INPUT MATERIAL:
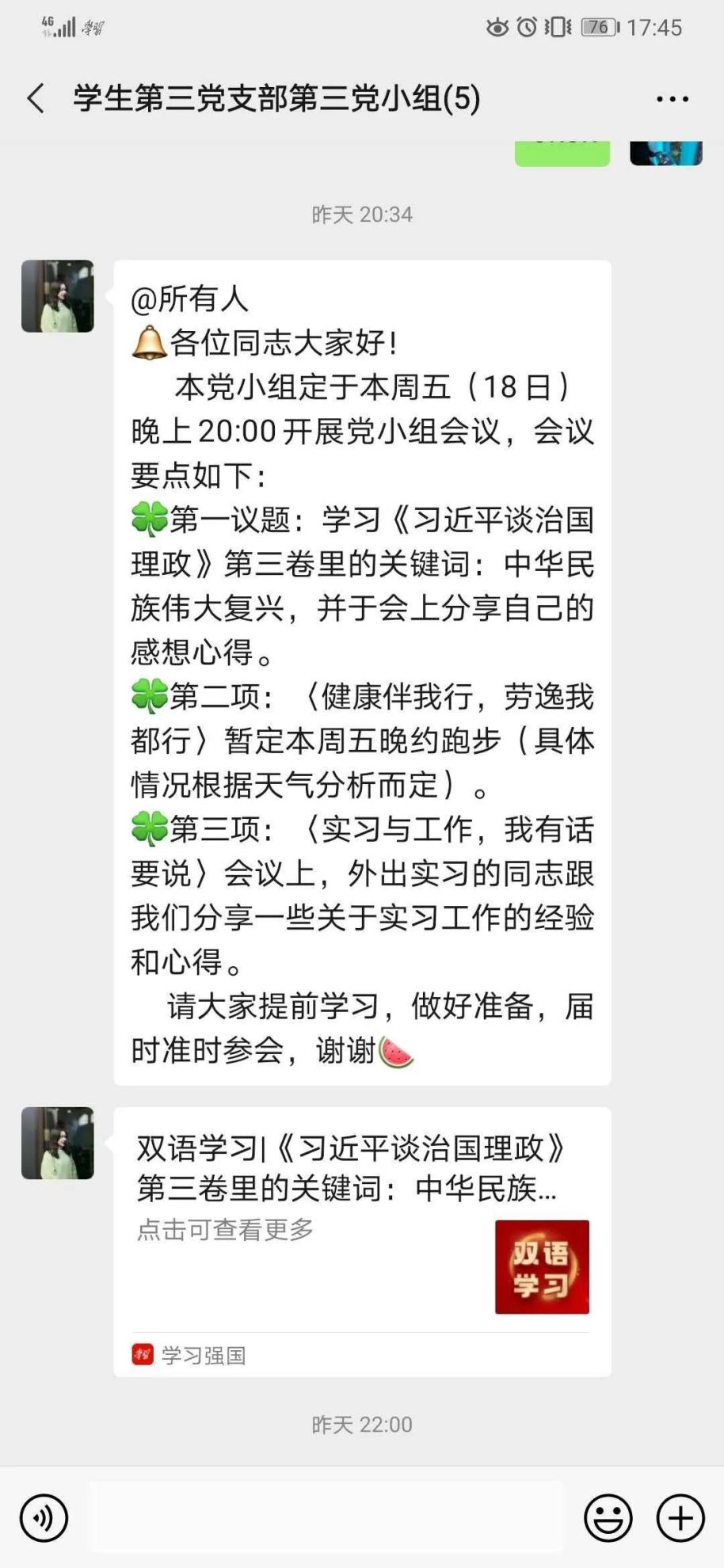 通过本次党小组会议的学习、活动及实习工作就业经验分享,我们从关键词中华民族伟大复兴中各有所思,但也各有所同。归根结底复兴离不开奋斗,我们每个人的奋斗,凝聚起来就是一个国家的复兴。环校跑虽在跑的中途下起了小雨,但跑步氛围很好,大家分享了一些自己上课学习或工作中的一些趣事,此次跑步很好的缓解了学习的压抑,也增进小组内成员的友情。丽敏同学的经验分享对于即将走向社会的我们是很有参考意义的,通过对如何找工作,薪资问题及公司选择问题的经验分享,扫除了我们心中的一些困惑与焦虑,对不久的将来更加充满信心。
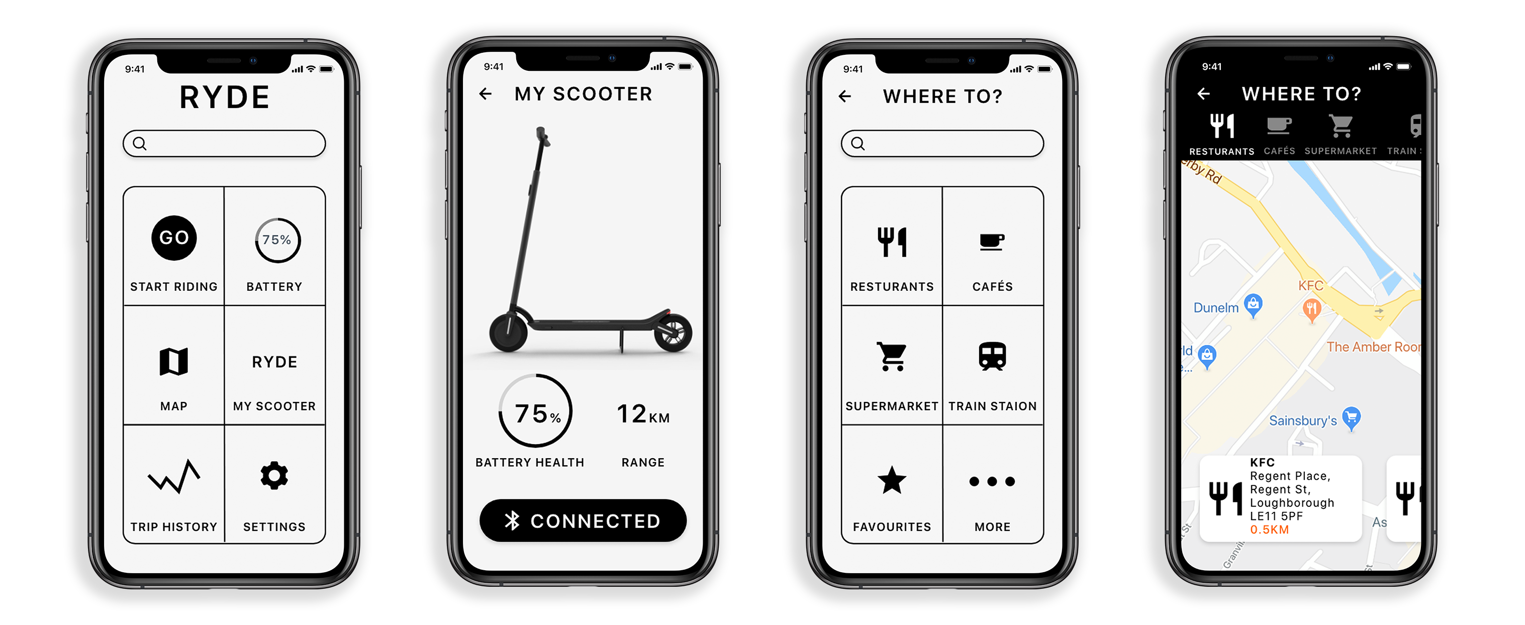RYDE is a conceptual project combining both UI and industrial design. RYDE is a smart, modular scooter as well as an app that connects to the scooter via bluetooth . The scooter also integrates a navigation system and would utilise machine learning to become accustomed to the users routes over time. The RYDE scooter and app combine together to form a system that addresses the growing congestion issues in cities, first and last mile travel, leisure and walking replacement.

--

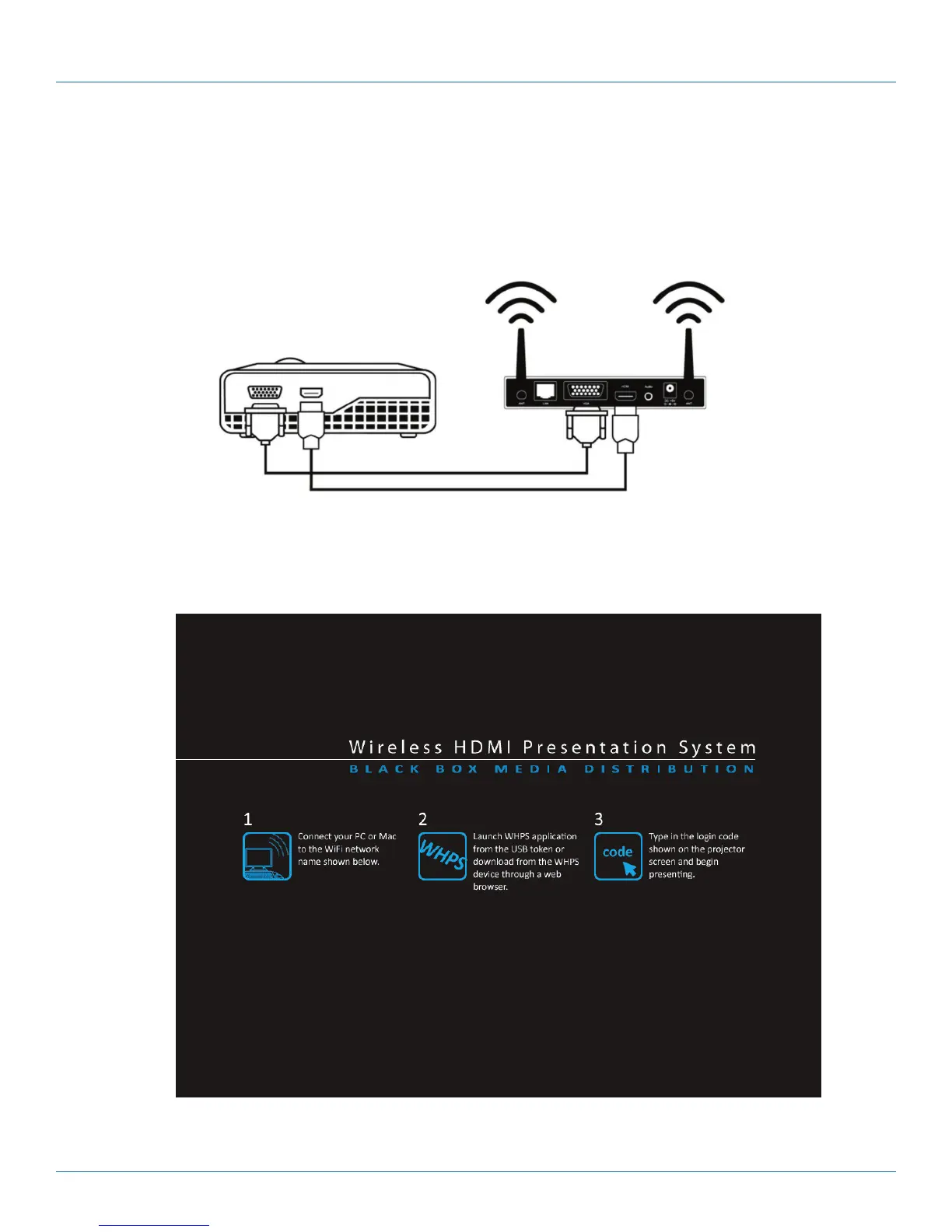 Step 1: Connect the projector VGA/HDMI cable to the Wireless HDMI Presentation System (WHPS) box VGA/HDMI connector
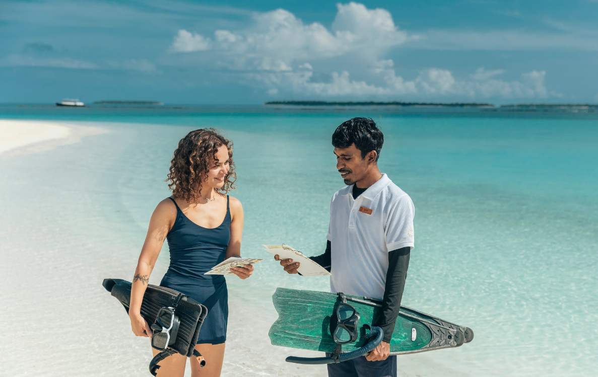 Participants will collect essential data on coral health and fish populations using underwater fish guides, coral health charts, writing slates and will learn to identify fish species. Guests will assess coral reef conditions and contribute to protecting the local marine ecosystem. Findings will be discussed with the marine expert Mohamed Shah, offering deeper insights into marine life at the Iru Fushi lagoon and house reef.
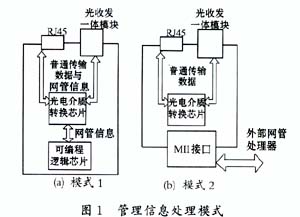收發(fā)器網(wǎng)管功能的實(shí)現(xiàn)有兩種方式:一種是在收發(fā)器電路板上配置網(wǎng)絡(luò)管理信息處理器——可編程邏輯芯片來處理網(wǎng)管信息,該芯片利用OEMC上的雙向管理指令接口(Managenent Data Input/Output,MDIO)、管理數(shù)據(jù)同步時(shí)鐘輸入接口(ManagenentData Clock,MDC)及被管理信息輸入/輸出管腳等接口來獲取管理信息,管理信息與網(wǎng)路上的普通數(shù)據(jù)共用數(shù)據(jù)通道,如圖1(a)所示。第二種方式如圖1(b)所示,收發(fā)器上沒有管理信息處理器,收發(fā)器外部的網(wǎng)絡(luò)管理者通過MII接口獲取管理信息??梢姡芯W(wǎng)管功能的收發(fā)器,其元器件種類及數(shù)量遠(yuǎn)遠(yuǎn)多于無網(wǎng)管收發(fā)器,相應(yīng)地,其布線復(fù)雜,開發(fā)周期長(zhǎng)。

WORK REQUIRED: Above are the records; copy from them only the lines starting at the one containing "通过本次党小组会议的学习、活" and ending at the one containing "RYDE is a conceptual", exactly and without pictures.

PROBLEM SOLUTION:
 通过本次党小组会议的学习、活动及实习工作就业经验分享,我们从关键词中华民族伟大复兴中各有所思,但也各有所同。归根结底复兴离不开奋斗,我们每个人的奋斗,凝聚起来就是一个国家的复兴。环校跑虽在跑的中途下起了小雨,但跑步氛围很好,大家分享了一些自己上课学习或工作中的一些趣事,此次跑步很好的缓解了学习的压抑,也增进小组内成员的友情。丽敏同学的经验分享对于即将走向社会的我们是很有参考意义的,通过对如何找工作,薪资问题及公司选择问题的经验分享,扫除了我们心中的一些困惑与焦虑,对不久的将来更加充满信心。
RYDE is a conceptual project combining both UI and industrial design. RYDE is a smart, modular scooter as well as an app that connects to the scooter via bluetooth . The scooter also integrates a navigation system and would utilise machine learning to become accustomed to the users routes over time. The RYDE scooter and app combine together to form a system that addresses the growing congestion issues in cities, first and last mile travel, leisure and walking replacement.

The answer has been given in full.